This was made by me (Shoez) and a friend (Sox). Bold by me, bold and italic by Sox.

Disclaimer: I don't own Harry Potter or any relating characters. If any of these ways to annoy/cheese off and/or not to do to Professor Umbridge sound similar to already existing ways to do the same, it is purely coincidental. (I spelled it again! SQUEE!)


~*~*~Chapter Two: Things We May Not do to Professor Umbridge~*~*~

"Oi! Lemme go!" Sox snapped, trying to twist out of Professor Snape's grasp. He had a firm hold on her shoulder, however, and he had the same hold on Shoez, who was also trying to get out of his grip.

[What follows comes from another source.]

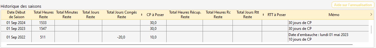 - "Total Heures Reste" permet de saisir le nombre d'heure de travail restant au début de l'annualisation de la personne..

"The Dark Lord will be hearing about this, girls, even if you do manage to get out of my grip." Snape snarled, tossing a violently pink strand of hair out of his face. When they got to the headmaster's office, Snape transferred Shoez to his other hand and shuffled across the room and picked up an old book. He set it on the floor, then withdrew his wand and pointed it at the book.

"What'cha doin'?" Shoez asked. Snape chose not to answer, but this was met by a sharp kick in the shins. "I asked; what'cha doin'!?"

"Making a portkey. Now stop kicking me." Snape snarled. Shoez felt satisfied with this answer, and fell silent. "Portus." The book glowed bright blue, then nothing happened. "Grab onto it."

"No." Shoez and Sox said defiantly. Snape made an ominous noise, and pointed his wand at the two girls.

"Imperio!" Instantly, the two girls' eyes slid out of focus, and they reached out and grabbed the book. Snape grabbed it as well, and then the three were sucked from the room. After spinning for a few seconds, they all fell flat on their faces in front of Voldemort. Snape was the first to get to his feet, and he flicked his wand, causing the Imperius Curse to lift off of Shoex and Sox. Voldemort took a look at Snape, obviously trying very hard not to laugh.

"PINK HAIR, Severus?" He asked.

"Yes, My Lord. Shoez and Sox's work." Snape said flatly, pulling the hood of his Death Eater robes up to hide his pink hair. "Good Lord, they're worse than Black, Lupin, and Potter sometimes..."

"We heard that..." Sox snapped.

"...And we take it as a compliment..." Shoez added.

"...But we still..."

"...'eard that!" Shoez finished. Voldemort twitched for a minute, then ran at the wall. Snape threw out an arm and caught him.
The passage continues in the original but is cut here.